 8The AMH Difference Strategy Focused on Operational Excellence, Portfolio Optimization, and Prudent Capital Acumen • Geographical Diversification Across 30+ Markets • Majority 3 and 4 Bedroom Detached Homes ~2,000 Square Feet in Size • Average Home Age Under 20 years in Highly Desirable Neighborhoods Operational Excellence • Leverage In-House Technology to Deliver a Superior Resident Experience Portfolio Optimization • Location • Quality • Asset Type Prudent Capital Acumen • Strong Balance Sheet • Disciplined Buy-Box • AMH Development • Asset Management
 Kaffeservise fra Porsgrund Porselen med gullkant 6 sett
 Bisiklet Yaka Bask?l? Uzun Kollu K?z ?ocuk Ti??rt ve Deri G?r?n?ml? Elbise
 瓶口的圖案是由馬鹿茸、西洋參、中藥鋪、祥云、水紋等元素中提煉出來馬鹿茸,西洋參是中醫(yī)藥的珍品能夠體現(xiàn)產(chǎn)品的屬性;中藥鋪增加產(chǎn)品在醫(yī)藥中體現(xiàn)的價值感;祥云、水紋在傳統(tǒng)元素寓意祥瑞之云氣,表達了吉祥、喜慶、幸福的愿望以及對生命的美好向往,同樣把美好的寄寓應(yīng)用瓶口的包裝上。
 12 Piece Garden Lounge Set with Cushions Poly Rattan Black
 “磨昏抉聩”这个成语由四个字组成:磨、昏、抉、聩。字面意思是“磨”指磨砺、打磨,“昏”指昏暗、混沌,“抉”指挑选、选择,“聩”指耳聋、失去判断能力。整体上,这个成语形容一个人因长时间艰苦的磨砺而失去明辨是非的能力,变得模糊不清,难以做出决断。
__________________________________________________
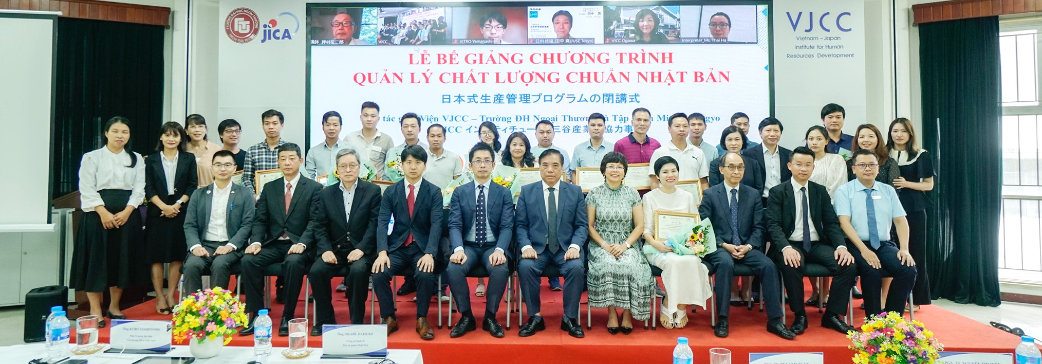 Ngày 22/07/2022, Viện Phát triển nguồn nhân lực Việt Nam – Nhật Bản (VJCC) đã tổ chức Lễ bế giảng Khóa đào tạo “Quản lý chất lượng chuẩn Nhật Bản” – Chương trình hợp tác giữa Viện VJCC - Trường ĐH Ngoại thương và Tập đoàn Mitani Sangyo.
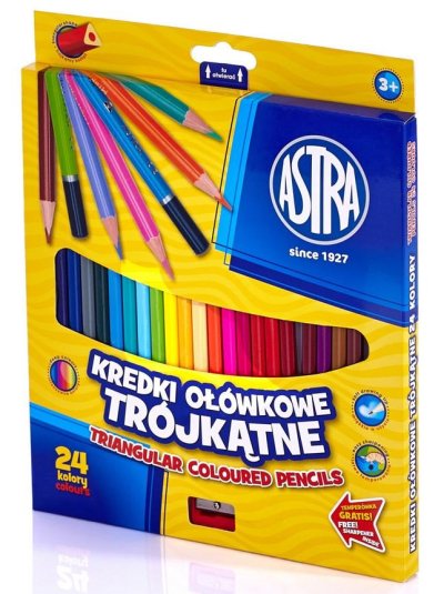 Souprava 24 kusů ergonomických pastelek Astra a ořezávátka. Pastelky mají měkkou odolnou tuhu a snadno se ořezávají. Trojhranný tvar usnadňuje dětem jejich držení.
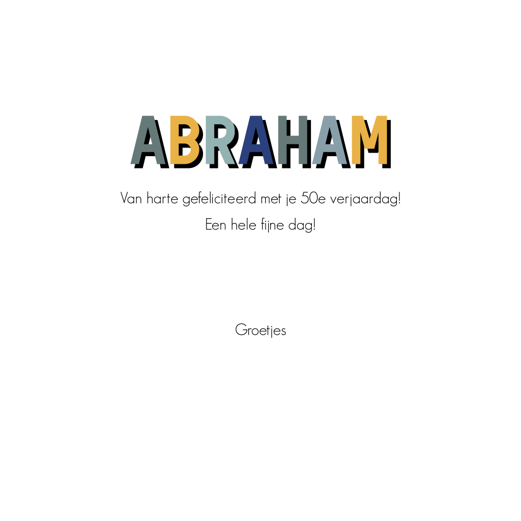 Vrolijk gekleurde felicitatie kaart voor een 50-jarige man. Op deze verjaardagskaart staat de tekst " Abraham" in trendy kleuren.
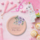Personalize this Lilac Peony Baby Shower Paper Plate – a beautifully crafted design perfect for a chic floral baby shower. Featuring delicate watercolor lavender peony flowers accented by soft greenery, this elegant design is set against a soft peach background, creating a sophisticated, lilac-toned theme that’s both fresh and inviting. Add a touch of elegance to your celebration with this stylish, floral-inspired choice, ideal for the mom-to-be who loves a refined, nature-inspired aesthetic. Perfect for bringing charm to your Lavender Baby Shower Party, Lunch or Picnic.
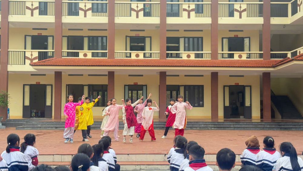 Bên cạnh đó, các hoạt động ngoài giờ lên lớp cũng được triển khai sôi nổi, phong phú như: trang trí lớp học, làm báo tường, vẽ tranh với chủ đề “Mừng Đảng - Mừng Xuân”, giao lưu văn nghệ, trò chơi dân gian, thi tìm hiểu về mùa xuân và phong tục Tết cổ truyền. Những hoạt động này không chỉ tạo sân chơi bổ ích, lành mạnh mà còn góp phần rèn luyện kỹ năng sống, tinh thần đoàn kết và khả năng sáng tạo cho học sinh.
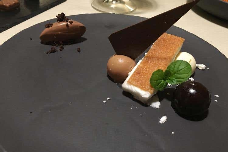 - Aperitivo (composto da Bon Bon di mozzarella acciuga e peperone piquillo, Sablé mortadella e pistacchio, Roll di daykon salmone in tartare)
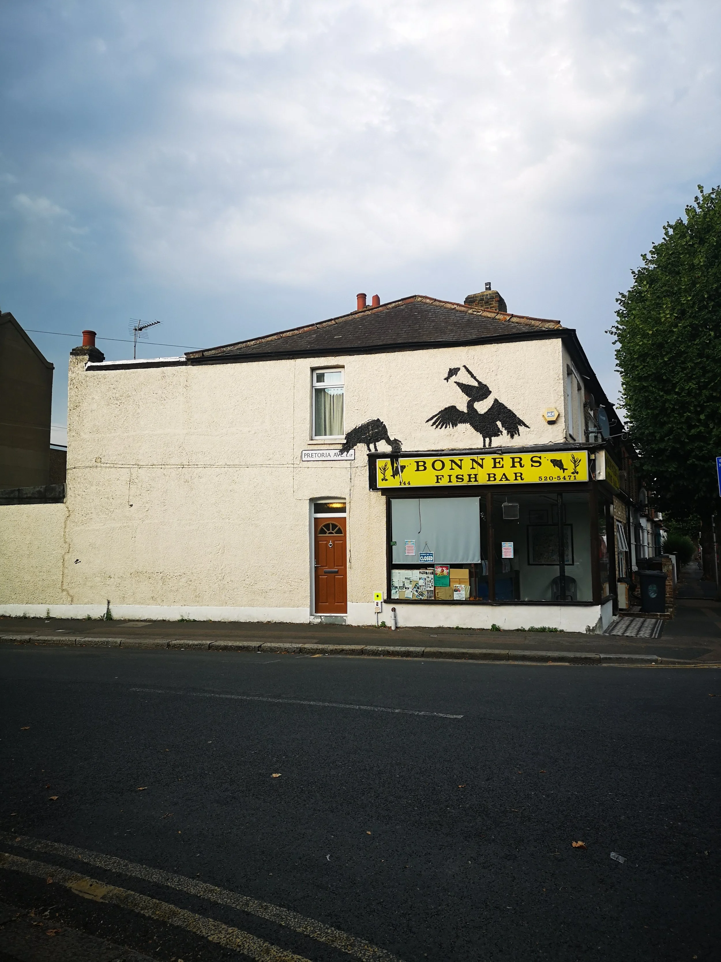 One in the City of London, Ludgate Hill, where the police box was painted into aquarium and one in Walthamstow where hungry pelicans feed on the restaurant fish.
__________________________________________________
* [Exercise requirements]:
In the records above, find the line with "Vrolijk gekleurde felicitatie" and the line with "One in the City", then restate word for word only those two lines and all lines between, omitting pictures.

* [Result]:
 Vrolijk gekleurde felicitatie kaart voor een 50-jarige man. Op deze verjaardagskaart staat de tekst " Abraham" in trendy kleuren.
Personalize this Lilac Peony Baby Shower Paper Plate – a beautifully crafted design perfect for a chic floral baby shower. Featuring delicate watercolor lavender peony flowers accented by soft greenery, this elegant design is set against a soft peach background, creating a sophisticated, lilac-toned theme that’s both fresh and inviting. Add a touch of elegance to your celebration with this stylish, floral-inspired choice, ideal for the mom-to-be who loves a refined, nature-inspired aesthetic. Perfect for bringing charm to your Lavender Baby Shower Party, Lunch or Picnic.
 Bên cạnh đó, các hoạt động ngoài giờ lên lớp cũng được triển khai sôi nổi, phong phú như: trang trí lớp học, làm báo tường, vẽ tranh với chủ đề “Mừng Đảng - Mừng Xuân”, giao lưu văn nghệ, trò chơi dân gian, thi tìm hiểu về mùa xuân và phong tục Tết cổ truyền. Những hoạt động này không chỉ tạo sân chơi bổ ích, lành mạnh mà còn góp phần rèn luyện kỹ năng sống, tinh thần đoàn kết và khả năng sáng tạo cho học sinh.
 - Aperitivo (composto da Bon Bon di mozzarella acciuga e peperone piquillo, Sablé mortadella e pistacchio, Roll di daykon salmone in tartare)
 One in the City of London, Ludgate Hill, where the police box was painted into aquarium and one in Walthamstow where hungry pelicans feed on the restaurant fish.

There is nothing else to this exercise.